差し歯が取れたときの対処法|自宅での応急処置と歯科受診のポイント
「食事中にポロッと差し歯が取れてしまった!」「前歯が抜けたままだと恥ずかしくて外に出られない……」
差し歯が取れると、見た目の問題だけでなく、喋りにくさや食事の不便さからパニックになりがちです。しかし、焦って間違った応急処置をしてしまうと、本来ならそのまま付け直せたはずの歯が使えなくなったり、土台の歯を痛めたりするリスクがあります。
この記事では、差し歯が取れた直後にすべきこと、絶対にやってはいけないNG行動、そして歯科医院を受診する際のポイントを、専門的な視点で分かりやすく解説します。
1. 差し歯が取れる主な原因:なぜ外れたのか?
差し歯(被せ物)が取れるのには、必ず理由があります。
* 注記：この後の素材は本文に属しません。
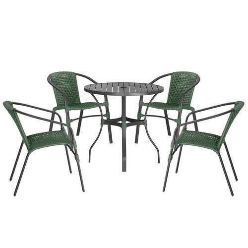 04 Cadeiras Floripa e Mesa Roma Trama - Verde Musgo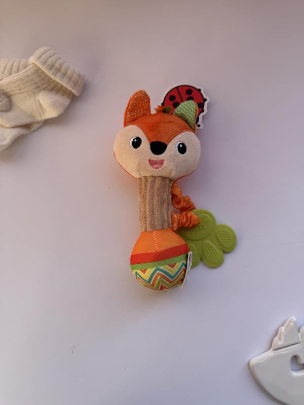 Детская мягкая игрушка-погремушка в виде милого лисенка. Игрушка выполнена в ярких оранжевых и зеленых цветах, привлекающих внимание малыша. Голова лисенка мягкая, с вышитыми глазами и улыбкой. Ручка с ребристой текстурой удобно ложится в маленькую детскую руку. Нижняя часть украшена разноцветным узором в виде зигзагов. На стороне игрушки есть зеленый прорезыватель в виде лапки, который помогает уменьшить дискомфорт при прорезывании зубов. Шуршащие элементы для сенсорного развития. Игрушка способствует развитию мелкой моторики, сенсорного восприятия и координации движений. Она легкая, безопасная и подходит для младенцев. ⚪️Цена: 250 грн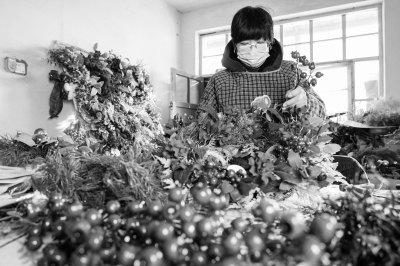 1月16日,乐亭县一家绢花生产企业的工作人员在制作绢花花环。 近年来,河北乐亭县扶持发展以绢花系列产品为主的工艺品制作产业,采取“政府+企业+农户”的方式,为农村妇女提供就业岗位。目前,乐亭县生产的绢花产品出口到欧洲、中东及东南亚等地,带动当地近千名农村妇女实现就业增收。 新华社记者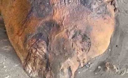 MARMARA DENİZİ’NDEN TEKİRDAĞ’IN SÜLEYMANPAŞA İLÇESİ BEYAZKÖY MEVKİİNDE KIYIYA VURAN VE ÇÜRÜMEYE BAŞLAYAN DENİZ CANLISI, VATANDAŞLARIN MERAK KONUSU OLDU.

主な原因は以下の通りです。
接着剤(セメント)の劣化: 長年の使用により、歯と差し歯をくっつけていたセメントが溶け出したり、寿命を迎えたりすることで外れます。
二次カリエス(虫歯の再発): 差し歯と自分の歯の隙間に菌が入り込み、中で虫歯が進行して土台がスカスカになると、支えきれずに取れてしまいます。
噛み合わせや歯ぎしり: 強い力が繰り返しかかることで、金属の疲労や接着面の剥離が起こります。
土台(コア)の破折: 歯の根っこ部分が割れてしまうケースです。
2. 【重要】差し歯が取れた直後の「3つの鉄則」
歯科医院に行くまでの間、以下の3点を守ってください。
① 取れた差し歯を捨てずに保管する
変形や破損がなければ、そのまま歯科医院で付け直せる可能性があります。
保管方法: 小さなケースに入れ、乾燥を防ぐために軽く湿らせたコットンなどと一緒にしておくと良いでしょう。※紛失・誤飲に注意!
② 【絶対NG】瞬間接着剤で自分で付けない
これだけは絶対にやめてください。市販の瞬間接着剤は人体用ではなく、以下のような致命的なトラブルを招きます。
再装着不可: 厚みが出てしまい、正しい位置に戻せなくなります。
歯の神経へのダメージ: 強力な化学成分が、剥き出しになった歯の組織に悪影響を与えます。
不衛生: 隙間に細菌を閉じ込めてしまい、中で猛烈なスピードで虫歯が進行します。
③ 取れた場所を触りすぎない
差し歯が取れた後の土台(自分の歯)は、エナメル質がなく非常にデリケートです。舌で触ったり、指でいじったりすると、細菌感染や破折の原因になります。
3. 自宅でできる一時的な応急処置
どうしてもすぐに歯医者に行けない場合の凌ぎ方です。
市販の仮止め剤の検討: ドラッグストア等で「歯科用仮止め材」が販売されている場合があります。ただし、あくまで数時間の応急用と考え、翌日には受診しましょう。
食事の工夫: 取れた側では噛まないようにし、柔らかいものを食べます。
清潔を保つ: 強くうがいをしたりせず、優しく歯ブラシを当てて汚れが溜まらないようにします。
4. 歯科受診のポイント:受診時に伝えるべきこと
歯科医院に電話する際は、以下の情報を伝えると予約がスムーズです。
いつ、何をしている時に取れたか
痛みや出血、しみる症状はあるか(痛みがある場合は急患対応が必要なサインです)
取れた差し歯は手元にあるか、欠けていないか
いつ頃治療したものか(わかる範囲でOK)
5. 再発防止と寿命を延ばすために
せっかく治しても、同じ生活習慣ではまた外れてしまいます。
マウスピースの活用: 寝ている間の歯ぎしり・食いしばりから歯を守ります。
定期検診の徹底: セメントの浮きや、中の虫歯はレントゲンやプロのチェックでしか見つかりません。
セルフケアの質を上げる: 歯間ブラシやフロスを使い、差し歯の縁(ふち)に汚れを溜めないことが長持ちの秘訣です。
6. まとめ:早めの受診が「歯の寿命」を決める
差し歯が取れた状態は、いわば「歯のバリアが剥がれた状態」です。放置すると、わずか数日で土台の歯が虫歯になったり、隣の歯が倒れてきて差し歯が入らなくなったりします。
「痛みがないから」「忙しいから」と先延ばしにせず、まずは取れた歯を確保して、すぐに歯科医院へ連絡しましょう。